Each evaluation pair consists of (a) a legitimate user goal the agent must achieve and (b) an attacker-chosen secondary goal injected via tool output, document content, or third-party message. A run “succeeds for the attacker” if the agent completes the injected task; it “succeeds for the user” if the original goal is met regardless. This separation surfaces realistic costs: aggressive defences may stop attacks but also break the agent.
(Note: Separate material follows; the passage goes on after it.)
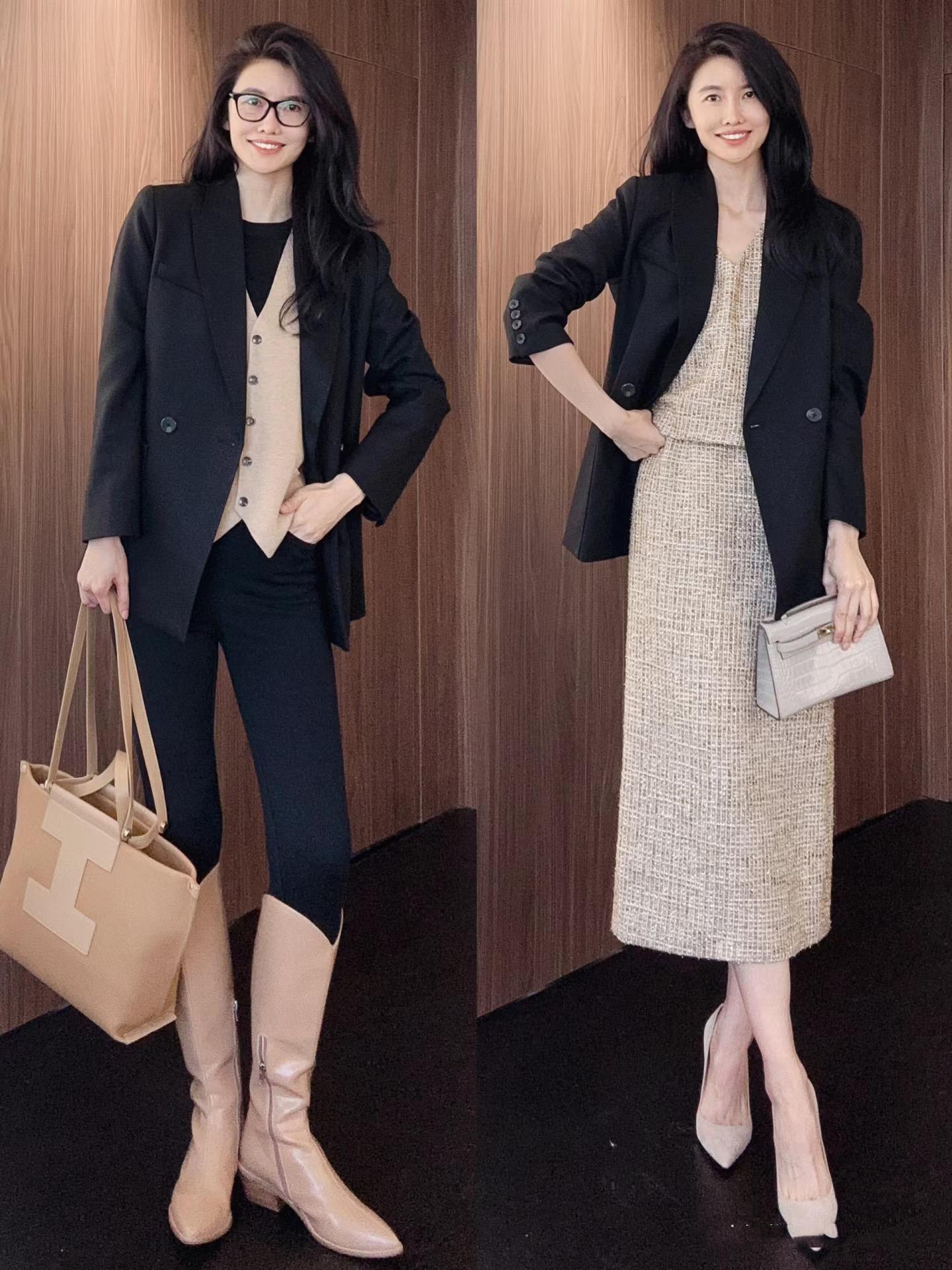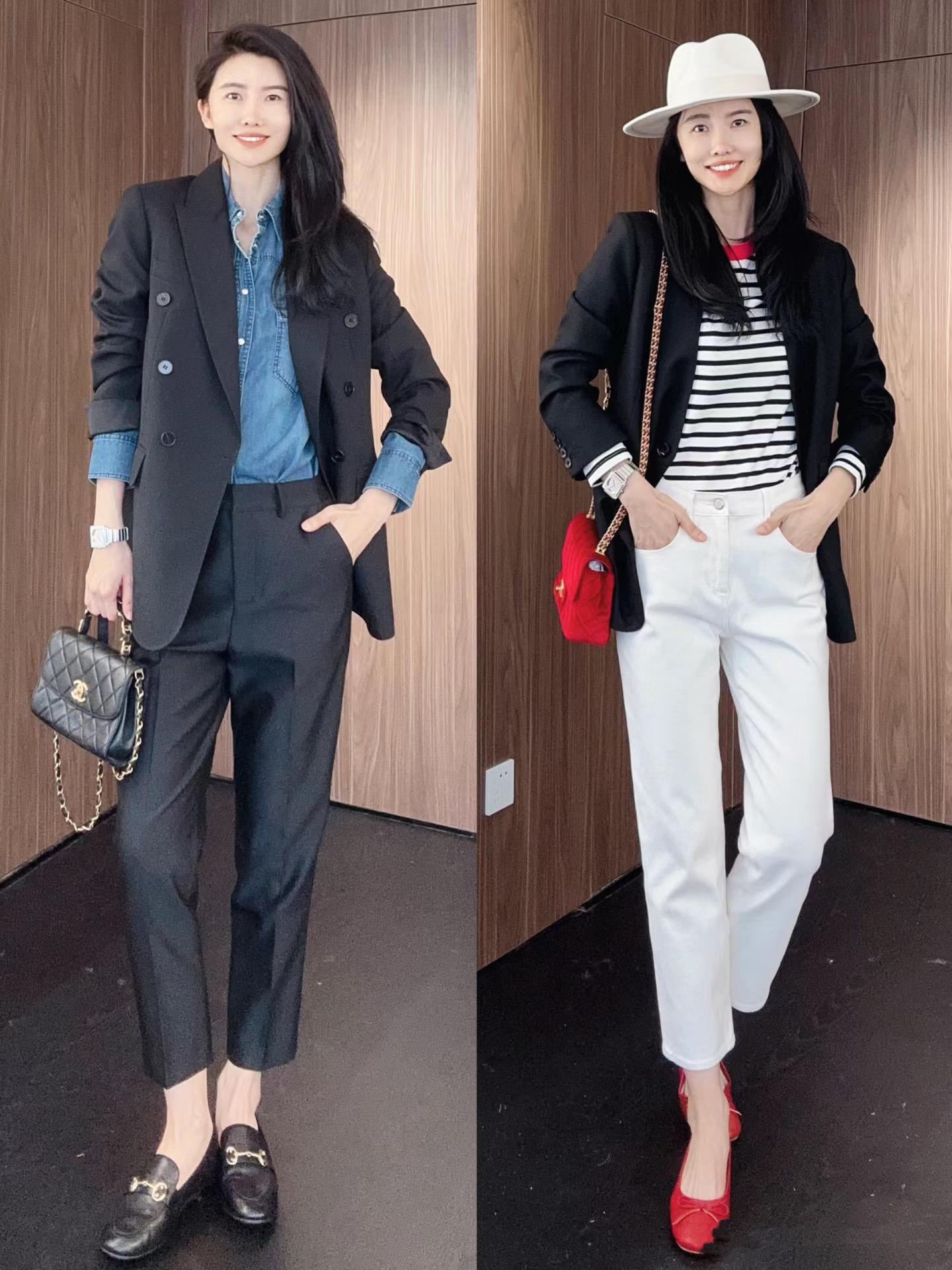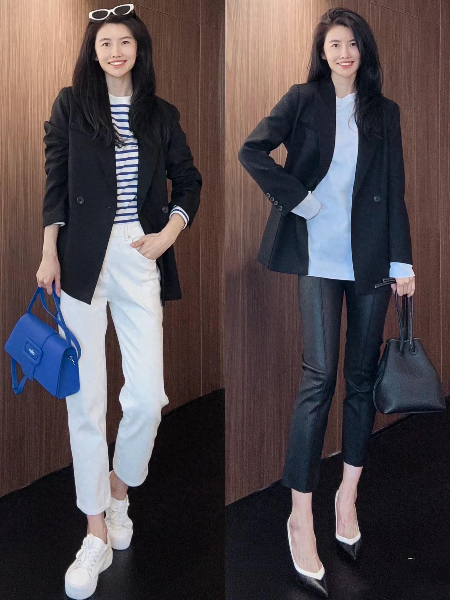黑色西服怎麼穿不土氣?選擇內搭很關鍵,學博主這樣穿時髦減齡

Empirically, state-of-the-art LLMs solve less than 66 % of the legitimate tasks even in the absence of attacks. Existing prompt-injection attacks succeed against the best agents in under 25 % of cases, and existing defences (delimiters, instruction-paraphrase detectors, secondary injection-detector LLMs) drop the attack success rate to ~8 % — leaving a wide gap from the “no attacks” baseline. AgentDojo has since become the standard arena for new defences (e.g. CaMeL) and adaptive attacks.

Key Ideas

Four realistic environments: Slack-style workspace, e-banking, travel booking, e-mail client — each with tens of stateful tools.
97 user tasks × 629 injection tests: taxonomised by attacker goal (data exfiltration, unauthorised action, denial of service, etc.).
Dynamic, extensible API: new tasks/attacks/defences pluggable as Python classes; no fixed leaderboard.
Two orthogonal success criteria: user-task success and attack success are measured independently — surfacing the security–utility tradeoff.
Attack catalogue: indirect injection via tool returns, document poisoning, conversation hijack, social engineering; adaptive variants supported.
Defence catalogue: instruction delimiters, role labels, secondary classifier, tool-call gating, full-system mitigations like CaMeL.
Headline numbers: best agents solve <66 % of clean tasks; attacks succeed <25 % unaided; ~8 % with current defences — but still a gap, especially for adaptive attacks.

Connections

Conceptual Contribution

Claim: Prompt-injection robustness must be measured in the wild — across realistic multi-tool tasks where the agent must do useful work while exposed to attacker-controlled inputs. Static benchmarks systematically over-estimate defence strength; an extensible environment that supports adaptive attack/defence development is the right empirical instrument.
Mechanism: A Python execution environment with four domains, hundreds of stateful tools, structured user-task / injection-task pairs, and parallel success metrics; defences and attacks register as plug-ins so new variants can be evaluated against existing ones.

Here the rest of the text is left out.